From the material below, return exactly the lines starting at the one that holds "白1には黒2とコスミツけて、" and ending at the one that holds "Snow removal from". Pictures stay out of the answer.
= = =
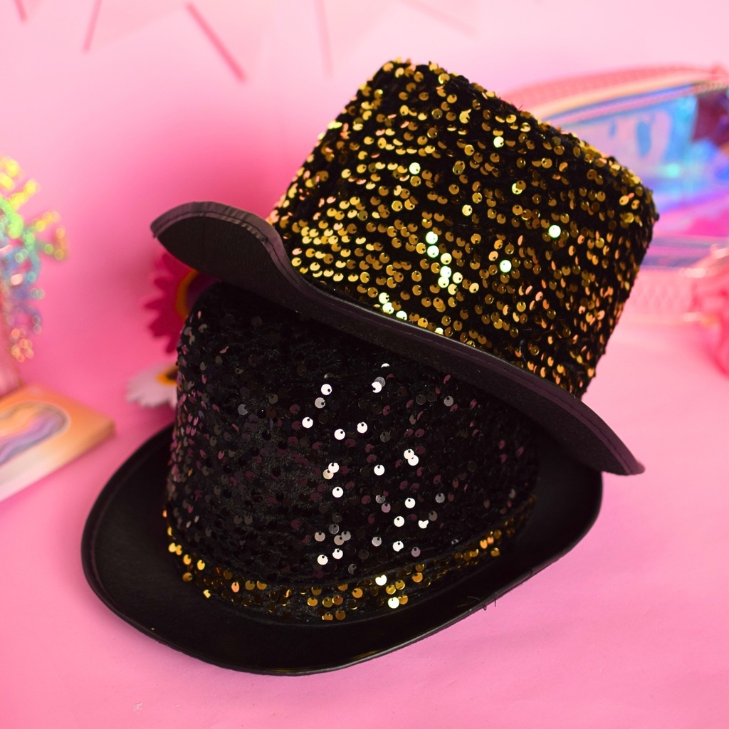 GALERA NEGRA RIGIDA CUBIERTA DE LENTEJUELAS COLOR ORO O NEGRO
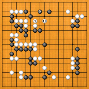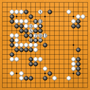 白1には黒2とコスミツけて、白の出口を止めてくるかもしれません。白3のツギに黒4で止まりますが、白5、7の出切りで反撃します。黒8のアテから12まで連絡しなければなりませんから、白13と切って上下が見合いになります。黒2、4の強硬手段は、怖くありません。
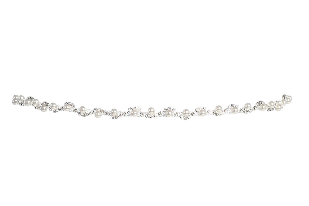 Simple satin bodice with a tulle skirt. The waist is accented with a cute wavy rhinestone and pearl trim.
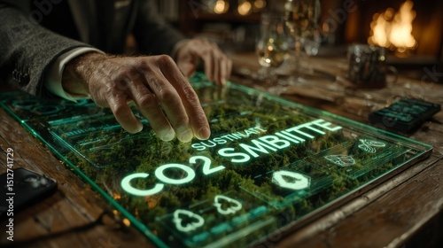 Interactive CO2 Sustainability Display Hands Engaging with Futuristic Technology for Environme
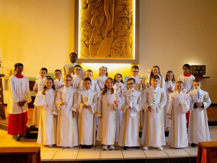 Am 21. April 2024 feierten in der Ortskirche Christkönig 17 Mädchen und Jungen ihre Erstkommunion.
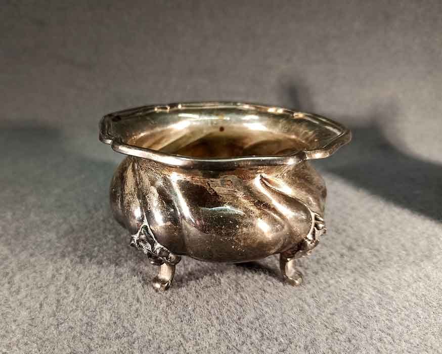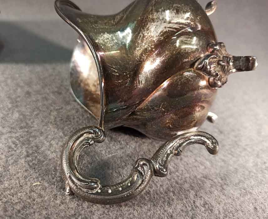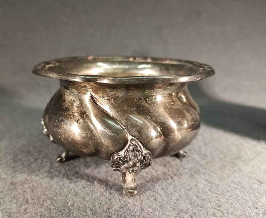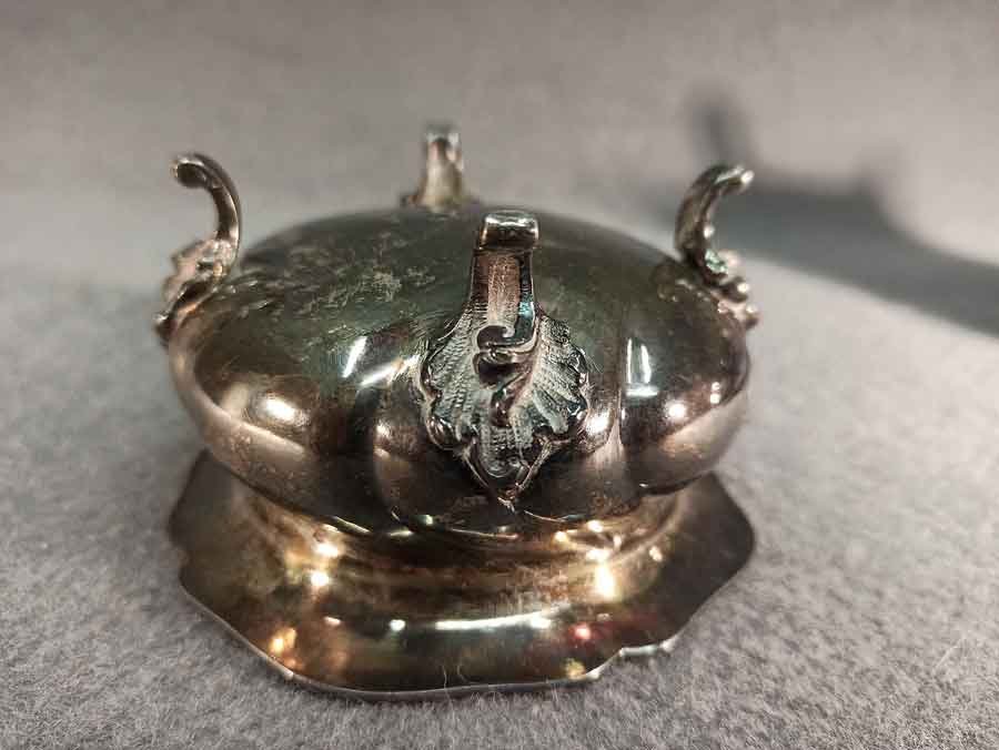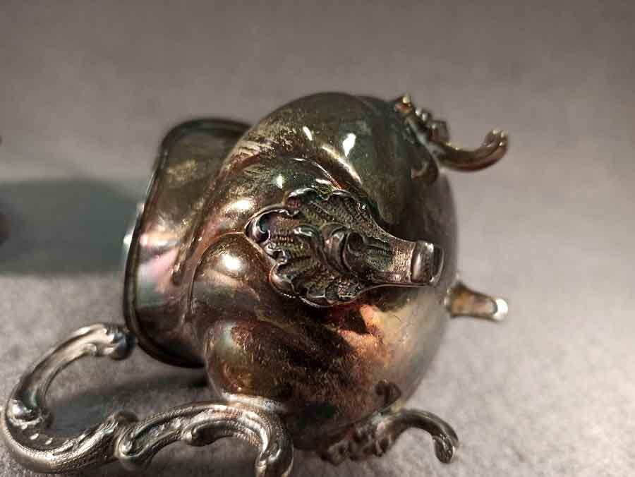Guter Zustand, nicht beschädigt oder verbeult. Ungeputzt, angelaufen, Spuren von Putzmittel in der Ziselierung.
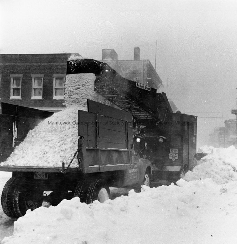 Snow removal from 900 block of South 8th Street Manitowoc. Photograph taken in March 1964.
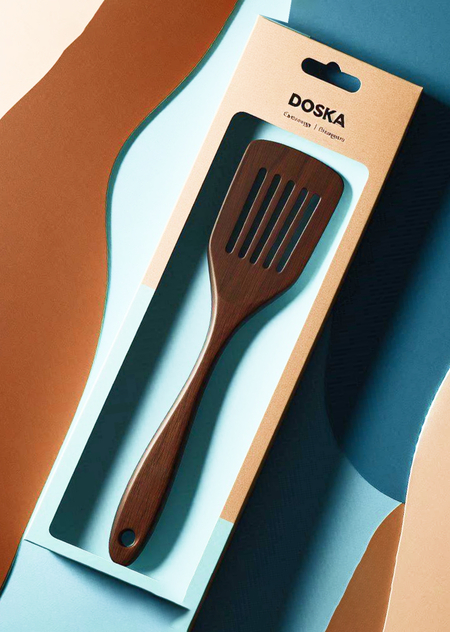 1. A sophisticated but strict logo from the text «doska» for a kitchenware company, with sharp serifs, without additional elements, only text. 2. Pastel-colored slabs for a kitchenware brand, no more than five colors, must be brown and blue. 3. A dark teak kitchen spatula in the air on a bright colored background in a studio. A spatula in a stylish plastic rectangular package, the package must say «doska». The design must be light and sophisticated. Use blue, brown and beige colors. 4. A loofah sponge in a transparent package of the «doska» brand. Use blue, brown and beige colors in packaging. 5. A wooden lid for a glass in a transparent package of the «doska» brand. Use blue, brown and beige colors in packaging. 6. A poster for a kitchenware store that uses teak wood. The design must be light and sophisticated. The poster must say «doska». Use blue, brown and beige colors. 7. Truck body branded for delivery from the shop «doska», which sells teak kitchenware. Use blue, brown and beige colors. 8. Interior of the wooden kitchenware shop «doska». The interior should resemble the Scandinavian style.
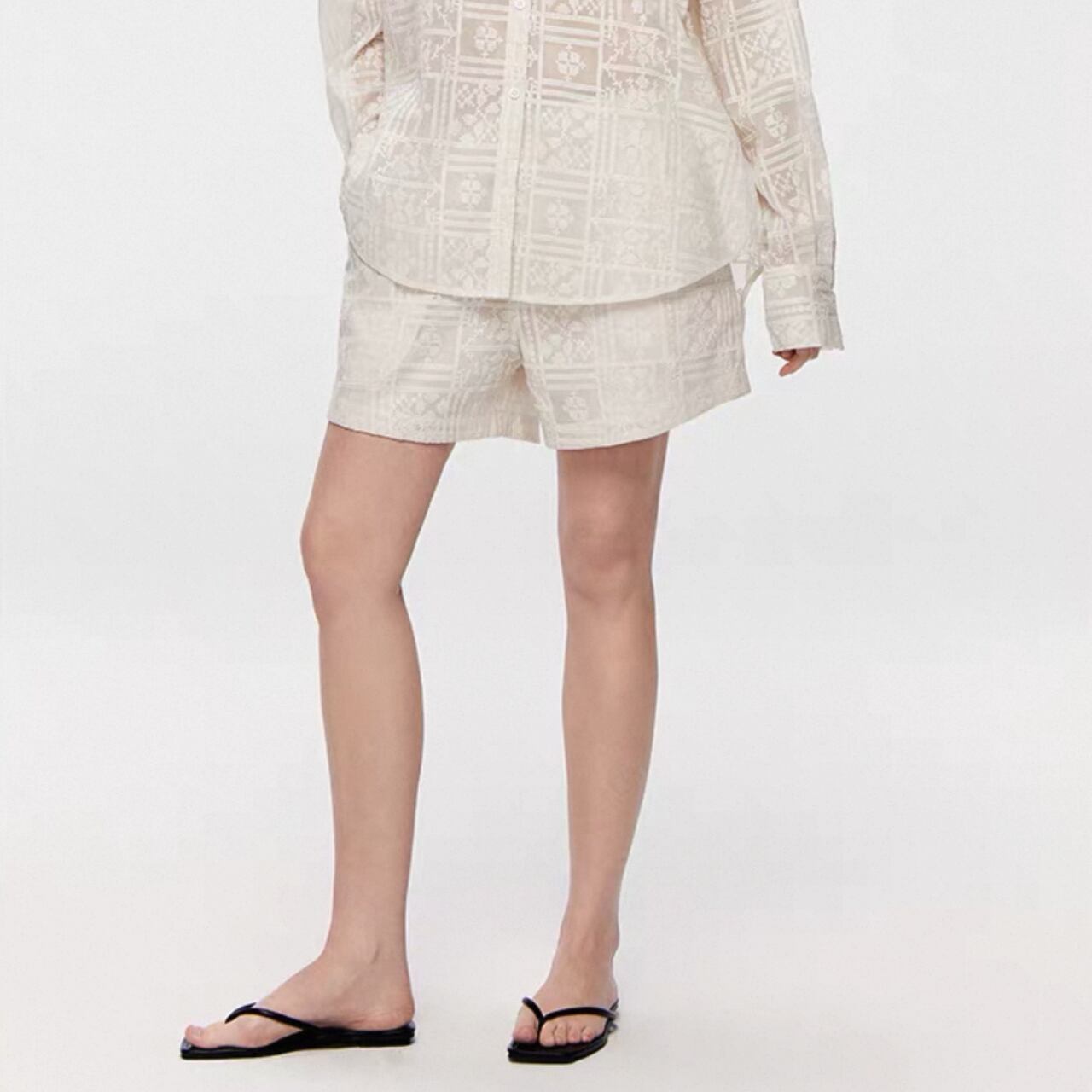 sheer embroidery shorts 00358
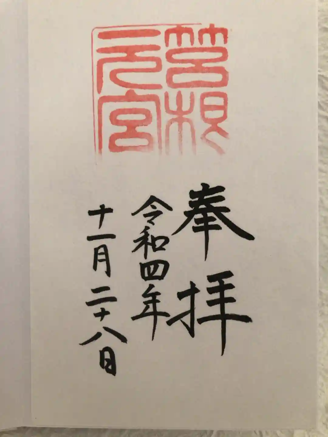 神社にご神職の方がおられたので書置き(初穂料:500円)を頂いてきました
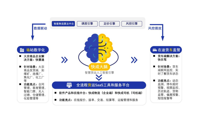 快成物流堅持在AIoT、大數(shù)據(jù)、算法、數(shù)字軟件等方面進行技術(shù)創(chuàng)新投入,為貨運經(jīng)營者及運輸主體提供一站式SaaS服務(wù)平臺,覆蓋數(shù)字運力服務(wù)、貨物在途安全解決方案、卡車后市場O2O服務(wù)等,搭建起了完整的閉環(huán)生態(tài)圈;同時基于海量運輸數(shù)據(jù),結(jié)合快成的AI算法引擎“快成大腦”,實現(xiàn)精準定價、運力分層、聯(lián)程匹配、全局調(diào)度。官方數(shù)據(jù)顯示,快成物流業(yè)務(wù)已覆蓋全國18個省(市、自治區(qū)),運輸線路超9萬條,連接了近85萬平臺司機、7000家貨主企業(yè)和近600家油氣商戶,幫助他們降低成本、提升效率、增加收入。
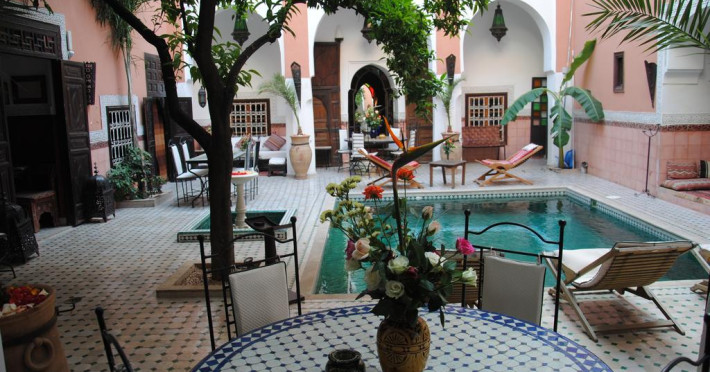 There is a 24h shuttle between the hotel and the airport 24h a day. The hotel Riad Barroko is equipped with a 24h reception, Wi-Fi, internet access as well as parking spaces. In the outdoor area you will find a pool (open all year), where sun loungers are available for free. Furthermore, you can relax outdoors on the sun terrace. Inside the hotel you can use an indoor pool. You can store your valuables in the safe, and your luggage in the hotel`s storage room. For your entertainment, the hotel offers a library/reading room. For very young guests, cots can also be provided. To clean your clothes there is a laundry service. For your comfort there is a concierge service. Smoking is permitted in the hotel. Catering The drinks menu of the hotel includes water and soft drinks. Sports & Leisure The wellness area offers massages.There is a 24h shuttle between the hotel and the airport 24h a day. The hotel Riad Barroko is equipped with a 24h reception, Wi-Fi, internet access as well as parking spaces. In the outdoor area you will find a pool (open all year), where sun loungers are available for free. Furthermore, you can relax outdoors on the sun terrace. Inside the hotel you can use an indoor pool. You can store your valuables in the safe, and your luggage in the hotel`s storage room. For your entertainment, the hotel offers a library/reading room. For very young guests, cots can also be provided. To clean your clothes there is a laundry service. For your comfort there is a concierge service. Smoking is permitted in the hotel. Catering The drinks menu of the hotel includes water and soft drinks. Sports & Leisure The wellness area offers massages.
= = =
## ANSWER SPACE
 白1には黒2とコスミツけて、白の出口を止めてくるかもしれません。白3のツギに黒4で止まりますが、白5、7の出切りで反撃します。黒8のアテから12まで連絡しなければなりませんから、白13と切って上下が見合いになります。黒2、4の強硬手段は、怖くありません。
 Simple satin bodice with a tulle skirt. The waist is accented with a cute wavy rhinestone and pearl trim.
 Interactive CO2 Sustainability Display Hands Engaging with Futuristic Technology for Environme
 Am 21. April 2024 feierten in der Ortskirche Christkönig 17 Mädchen und Jungen ihre Erstkommunion.
Guter Zustand, nicht beschädigt oder verbeult. Ungeputzt, angelaufen, Spuren von Putzmittel in der Ziselierung.
 Snow removal from 900 block of South 8th Street Manitowoc. Photograph taken in March 1964.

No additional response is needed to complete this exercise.